Opiate wirken an den körpereigenen Endorphinrezeptoren und diese werden daher auch Opiatrezeptoren genannt. Sie wirken unter anderem durch Hemmung oder Stimulation einer Botenstofffreisetzung z.B. Noradrenalin-Hemmung bzw. Dopamin-Stimulation.
„Der richtige Einsatz ist bei Opiaten sehr wichtig“. Liegen starke oder stärkste Schmerzen vor z. B. starke Hüftschmerzen, Operationsschmerzen, Schmerzen nach einem Unfall, Tumor-Durchbruchschmerzen, oder wirken leichte Schmerzmittel über längeren Zeitraum eingenommen nicht mehr? Dann sollte man in der Behandlung auf Opiate übergehen.

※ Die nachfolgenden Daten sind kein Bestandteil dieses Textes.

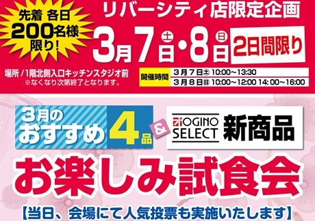 【告知】リバーシティ店☆オギノのおすすめ商品試食会 開催!
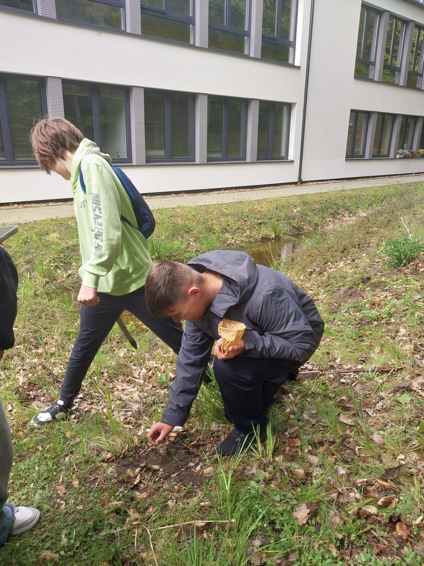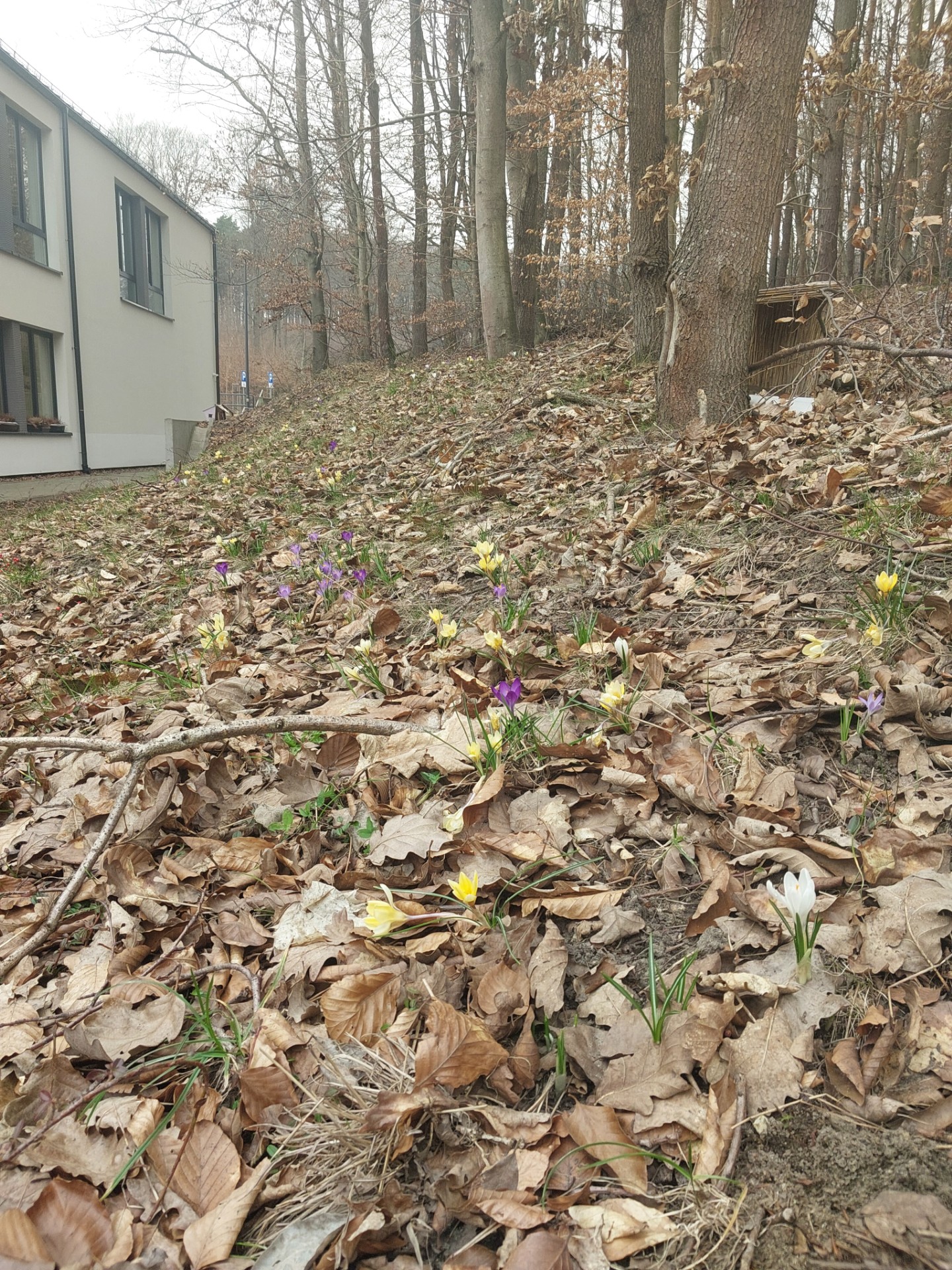 Uczniowie klasy 8B jesienią zasadzili ponad 200 cebulek krokusów na terenach zielonych naszej szkoły. Miało to być symboliczne pożegnanie z podstawówką. A ich wychowawczyni, Pani Ewa, ma się uśmiechać patrząc przez okno wiosną za rok, kiedy ich już nie będzie. Krokusy zakwitły.
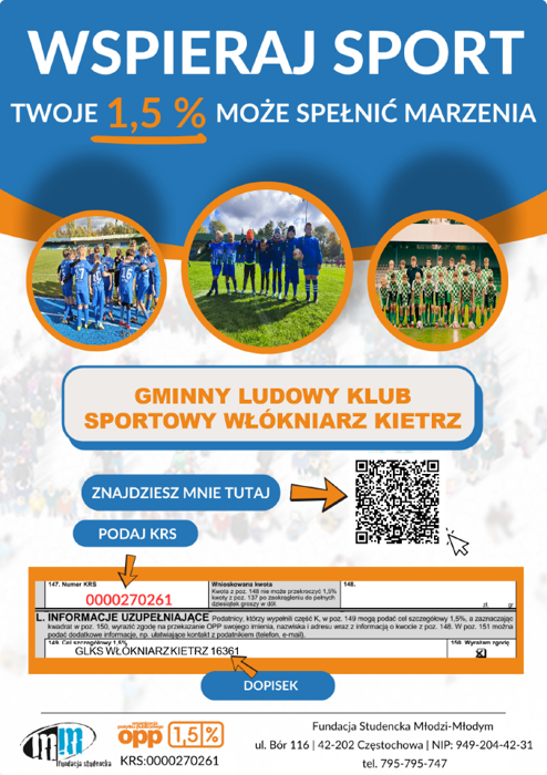 notes Przekaż 1.5% podatku na Włókniarz! 💙🤍💚 Chcemy rozwijać sport w Kietrzu oraz okolicy, by dzieci, młodzież i dorośli mieli możliwość aktywnego uczestnictwa w piłce nożnej - bez wz...

Opiate löschen nicht das Schmerzempfinden aus, sondern machen trotz weiterbestehender grundsätzlicher Schmerzwahrnehmung diesen erträglich und unbedrohlich. Tritt der Schmerz akut auf, ist für den Patienten wichtig, ein schnell wirkendes Präparat zu bekommen, um aber den Schmerz dauerhaft erträglich zu machen, wird ein retardiertes Medikament eingesetzt.
Optimale Behandlung erfolgt daher immer über eine Grundtherapie mit einem retardiertem, also verzögert wirkenden Opiat und einem Notfallmedikament, bei Schmerzattacken in Form eines schnellwirkenden Opiates.
Opiate führen bei regelmäßiger Einnahme zu einer Gewöhnung und zu Anpassungsvorgängen im Körper, sodass man die Gabe von Opiaten nur schrittweise wieder beenden darf, damit der Körper sich wieder rückanpassen kann. Diese Form der „körperlichen Abhängigkeit“ ist nicht gefährlich und besteht bei vielen anderen Medikamenten auch. Aufgrund der euphorisierenden (anregend-berauschend) Begleitwirkung kann sich bei unsachgemäßer Anwendung auch eine psychische Abhängigkeit entwickeln. Diese euphorisierende Wirkung entsteht aber überwiegend bei schneller und hoher Wirkstoffgabe. Ein langsam wirkendes retardiertes Opiat führt daher kaum zu einer derartigen psychischen Abhängigkeit, dies hingegen ist bei den Schnellwirkenden gegeben. Deshalb ist es wichtig, den Einsatz schnellwirkender Opiat auf Notfallsituationen zu reduzieren bzw. das retardierte Medikament immer wieder auf eine optimale Dosierung anzupassen.
Opiate stehen in verschiedenen Verabreichungsformen zur Verfügung: Tropfen, Tabletten, Kapseln, Spritzen, Pflaster, Zäpfchen.
Probleme bei Opiaten oder die Nebenwirkungen wie Verstopfung, Übelkeit und Erbrechen sollten von Anfang an prophylaktisch mit behandelt werden, möglich auftretender Juckreiz bessert sich meist im Behandlungsverlauf von selbst, Schläfrigkeit tritt ebenso nur zu Beginn oder bei zu hoher Dosierung auf, flache Atmung=Atemdepression kommt ebenso bei zu hoher Dosierung oder zu schneller Gabe auf.
Der Facharzt bekundet: „ Opiate sind nichts böses oder mystisches und stigmatisieren auch nicht, entscheidend ist die richtige Indikation, die richtige Auswahl und dies natürlich unter ärztlicher Begleitung.“
Fazit: Letztlich benötigt ein Patient so viel Opiat, wie eine angemessene Lebensqualität unter der Grunderkrankung es erfordert und die Nebenwirkungen es zulassen.
Bei gezielter, ärztlich überwachter Therapie und richtigem Medikament bzw. entsprechender Dosierung muss man eine Behandlung mit Opiaten nicht fürchten.